Objective Despite promising initial results, current knowledge regarding the use of the Low-profile Visualized Intraluminal Support (LVIS) device to treat wide-necked intracranial aneurysms is still limited. Our aim is to evaluate the feasibility, efficacy, and safety of the LVIS device in stent-assisted coiling of intracranial aneurysms.

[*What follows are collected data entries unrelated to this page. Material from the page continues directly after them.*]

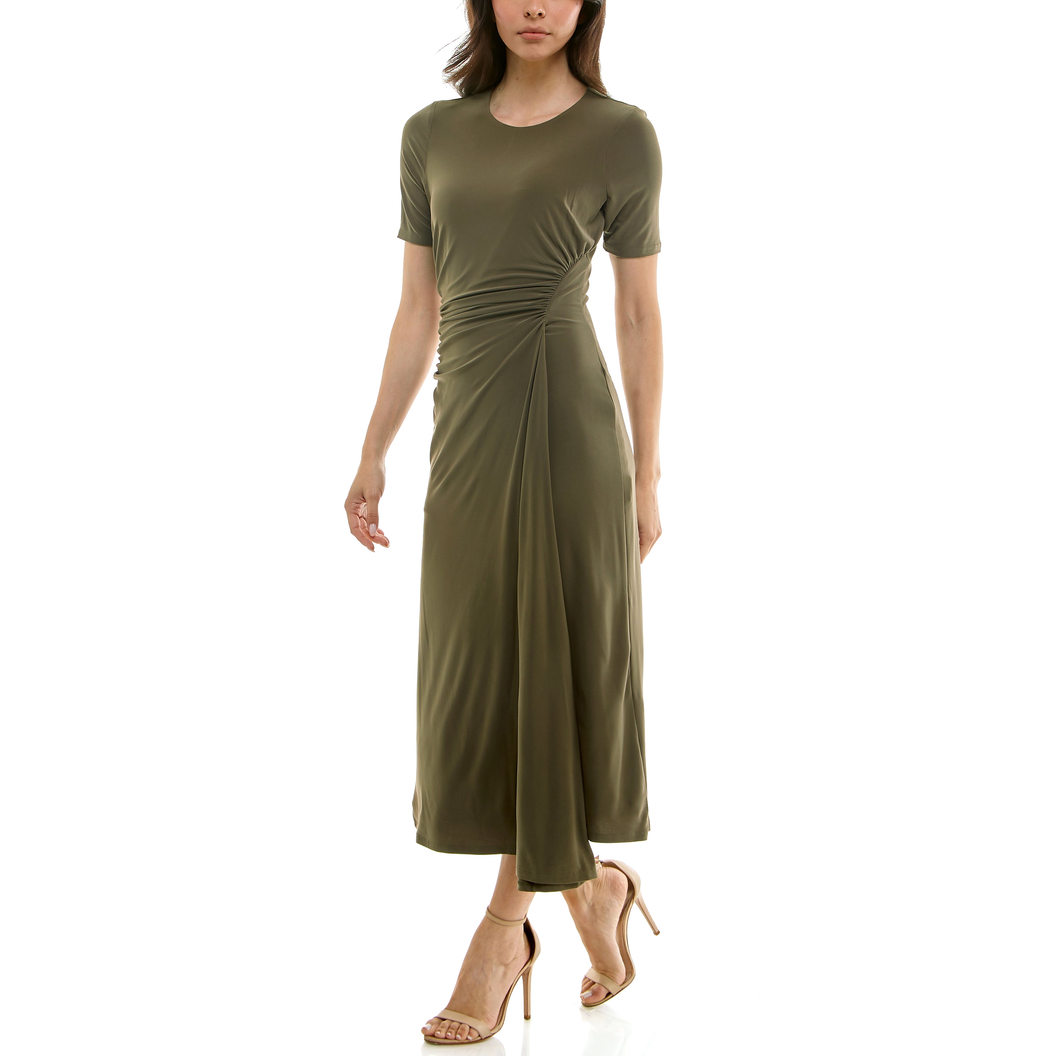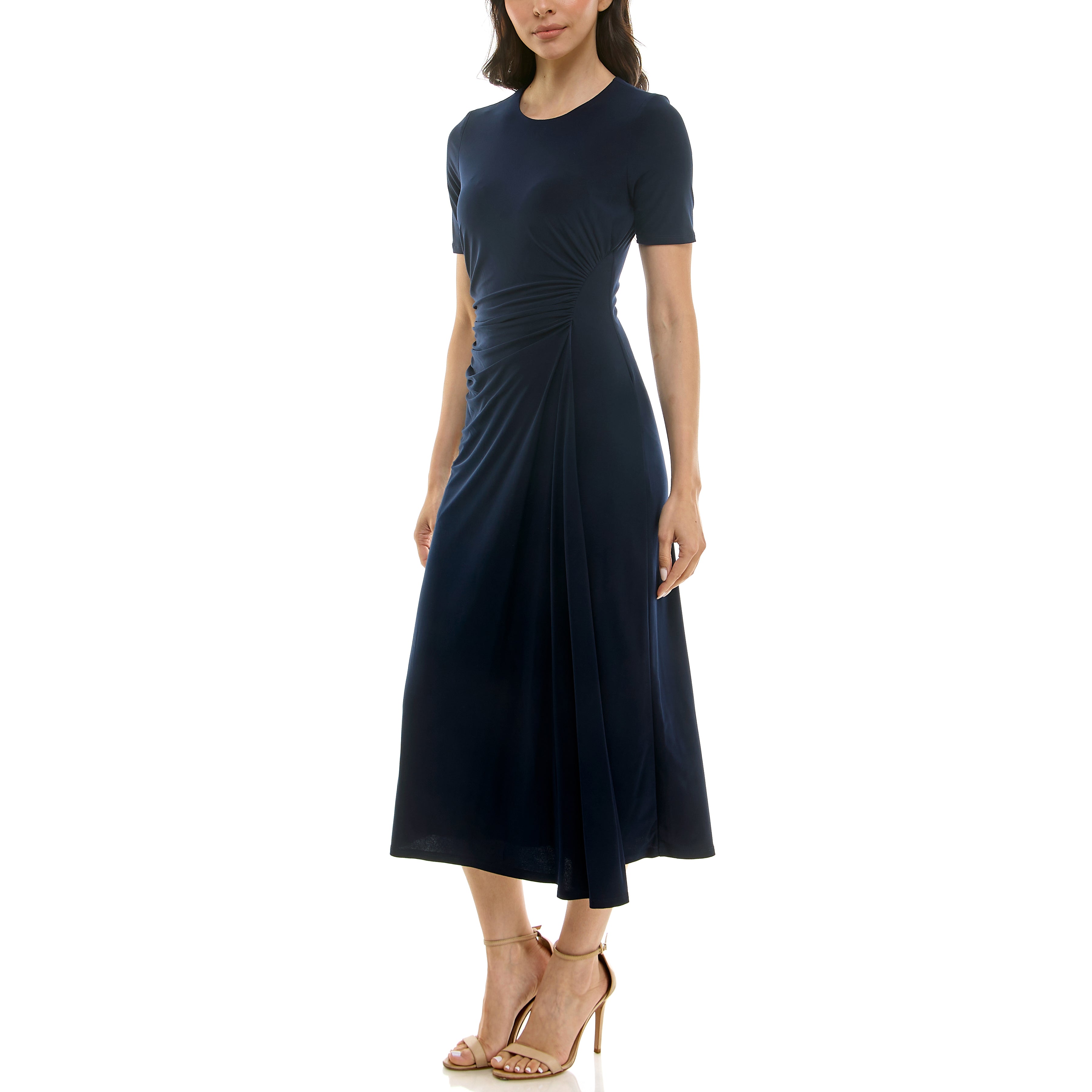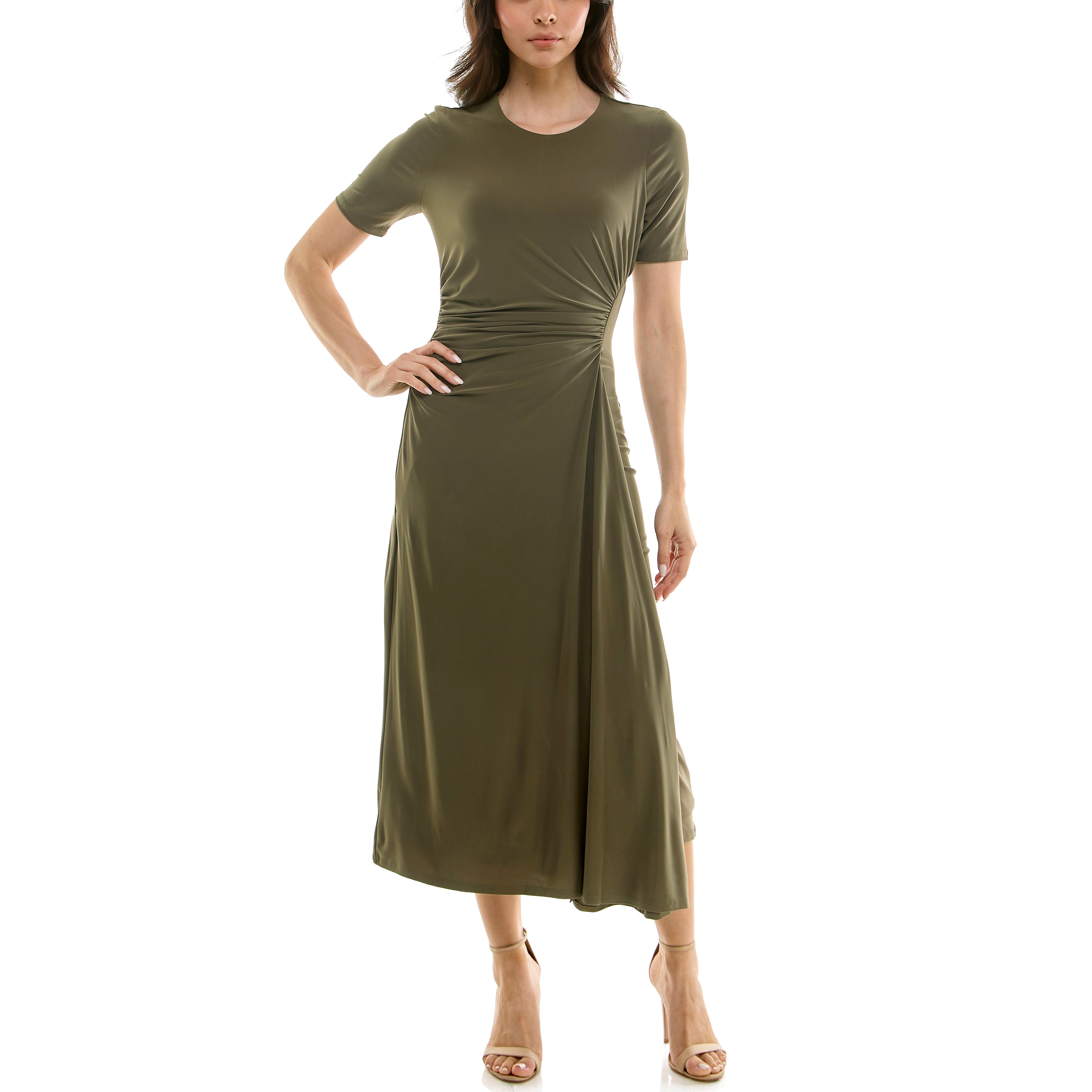 MAISON TARA SHORT SLEEVE RUCHED STRETCH KNIT MIDI DRESS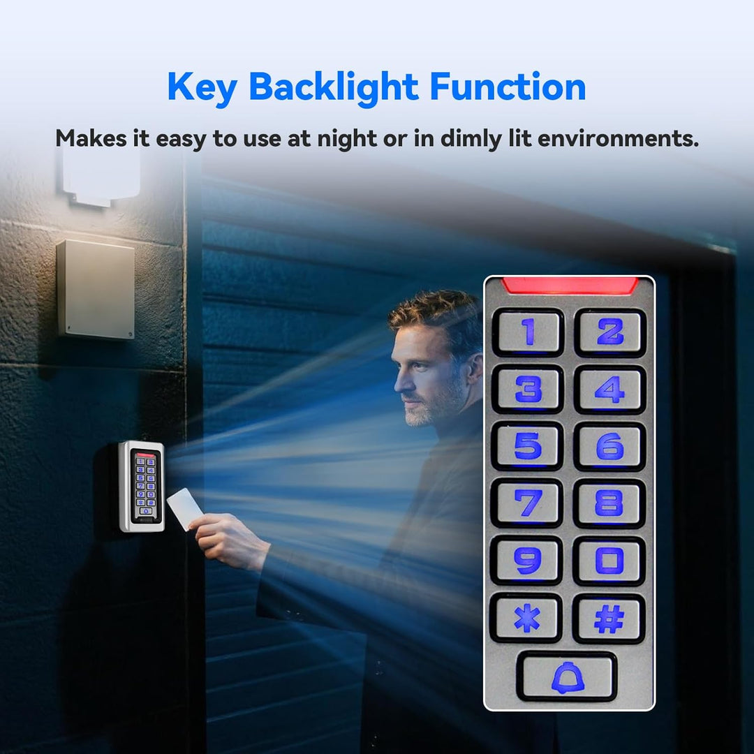 - Bitte beachten Sie; Für ein komplettes Zugangskontrollsystem; zusätzlich zur Steuertastatur; ist es auch erforderlich; [Netzteile]; [elektrische Lock] und [EXIT-Taste] zu erwerben; Wenn Sie die Tür mit der Karte öffnen möchten; müssen Sie auch die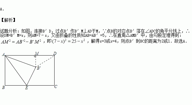(3分)如图,在矩形ABCD中,AB=5,BC=7,点E为BC上一动点,把△ABE沿AE折叠,当点B的对应点B′落在∠ADC的角平分线上时,则点B′到BC的距离为( )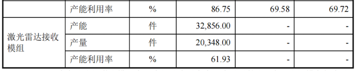值得注意的是,招股說(shuō)明書(shū)披露的激光雷達(dá)光源模組、激光雷達(dá)接收模組的產(chǎn)能利用率口徑中的產(chǎn)量與產(chǎn)銷率口徑中的產(chǎn)量存在數(shù)據(jù)“打架”情況。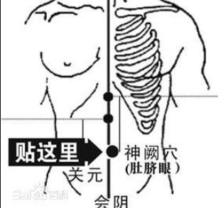 脐(即神阙穴)在腹部中央,是人体的一个重要的经穴,与经络有非常密切的关系,中医称之为十二经络之根、呼吸之门;神阙穴居脐中央,是任脉的一个重要穴位(任脉为经之海,因此刺激此穴对五脏六腑具有调节作用),又因脐部的皮肤比较薄,神经及血管比较丰富,它所支持的脏器以及血管包括模隔膜、肝、脾、胃、肾上腺、输尿管、膀胱,因此脐部透过与五脏六腑、十二经脉、奇经八脉的联系,有比较强的吸收和传导能力。 临床上灸脐可治晕厥、昏迷、休克,故有兴奋大脑、强心、改善微循环的作用;药物敷脐可治虚汗,神经性呕吐,故有调整植物神经功能失调的作用;灸神阙可治阳萎、不孕,故有调节内分泌紊乱的功能;在神阙穴上拔火罐,可治荨麻疹和过敏性哮喘,可作用于免疫系统、抑制过敏反应。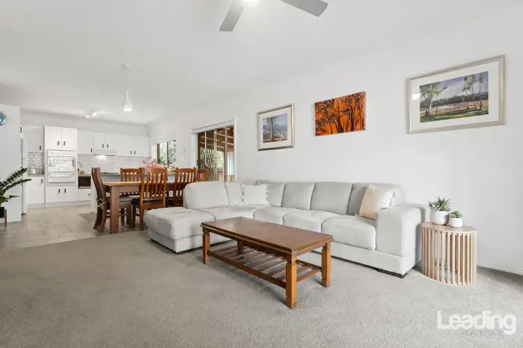 Step inside to a light-filled interior that combines the spaciousness of a house with the ease and comfort of a unit. The open-concept kitchen, meals, and living area is enhanced by high ceilings and decorative cornicing, creating a sense of warmth and elegance. The generously sized kitchen boasts abundant bench prep space, ample cupboard storage, and quality appliances, including a rangehood, and a 5-burner gas cooktop. Light cabinetry contrasts beautifully with dark benchtops and crisp white subway tiles, setting the stage for culinary creativity. This open concept, free-flowing space extends seamlessly to a sheltered, undercover outdoor entertaining area, perfect for hosting friends and family or enjoying a quiet moment all year round.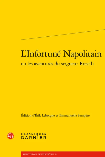 - Résumé : Réédité tout au long du xviiie siècle, L’Infortuné Napolitain retrace sous forme de mémoires apocryphes les aventures d’un personnage historique connu sous le nom du Signor Rozelli. Cet illustre malheureux, tourmenté par ses passions, devient séminariste, esclave, philosophe, cabaliste et magicien.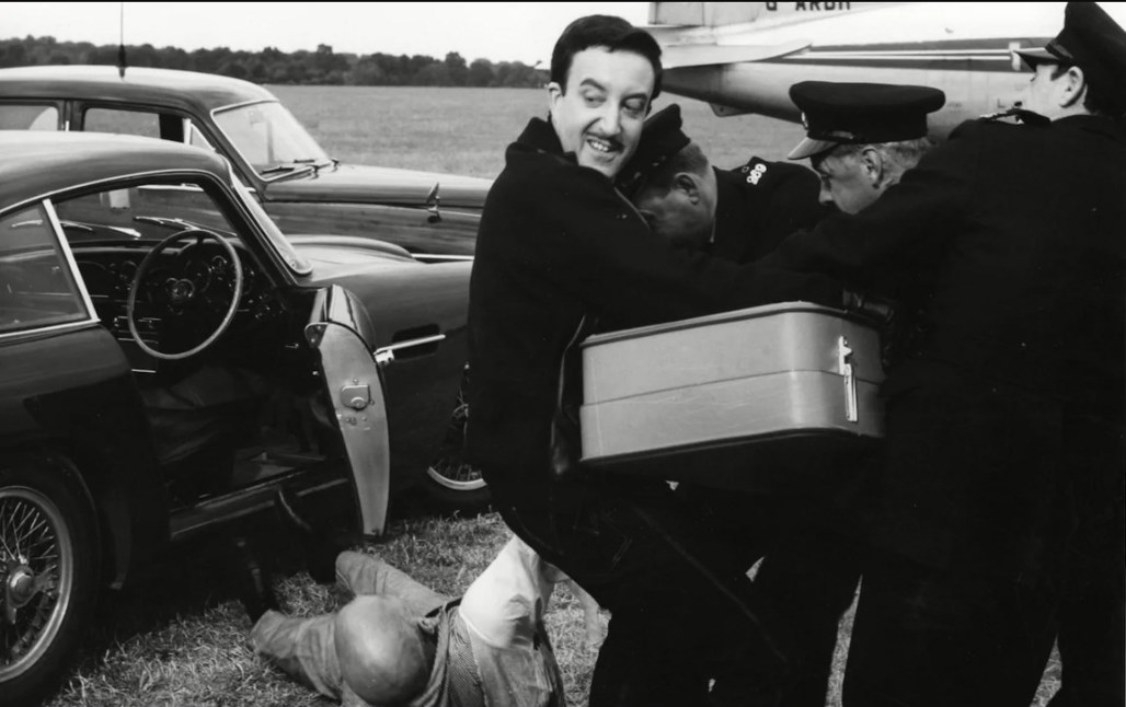 Sellers wrestles with Scotland Yard's finest - with his DB4 GT getaway car alongside - in The Wrong Arm of the Law. Photo / REX, Shutterstock

Methods We conducted a systematic review by searching PubMed, EMBASE, and Cochrane Library for all published studies on the treatment of intracranial aneurysms with the LVIS device up to March 2016. Feasibility was evaluated by the technical success rate during the procedure, efficacy was evaluated by the rate of complete aneurysm occlusion at follow-up angiography, and safety was assessed by procedure-related morbidity and mortality.
Results A total of nine studies were included in the analysis, including 384 patients with 390 aneurysms. The overall technical success rate was 96.8% (95% CI 94.4% to 99.1%). The aneurysmal complete occlusion rate was 54.6% (95% CI 31.8% to 77.4%) on immediate control and 84.3% (95% CI 78.9% to 89.7%) at follow-up angiography. Procedural-related morbidity and mortality were 1.4% (95% CI 0.2% to 2.6%) and 0% (95% CI 0%), respectively. The thromboembolic event rate was 4.9% (95% CI 1.9% to 7.9%) and the hemorrhagic event rate was 2.1% (95% CI 0.7% to 3.5%), with 0.9% (95% CI 0% to 1.8%) experiencing neurologic hemorrhagic complications and 1.9% (95% CI 0.5% to 3.2%) experiencing non-neurologic hemorrhagic complications.
Conclusions Our systematic review suggests that endovascular treatment of intracranial aneurysms with the LVIS device is feasible, safe, and effective in the short term. However, the rate of thromboembolic complications is not negligible. Further prospective studies are needed to evaluate the long-term efficacy and safety of the LVIS device.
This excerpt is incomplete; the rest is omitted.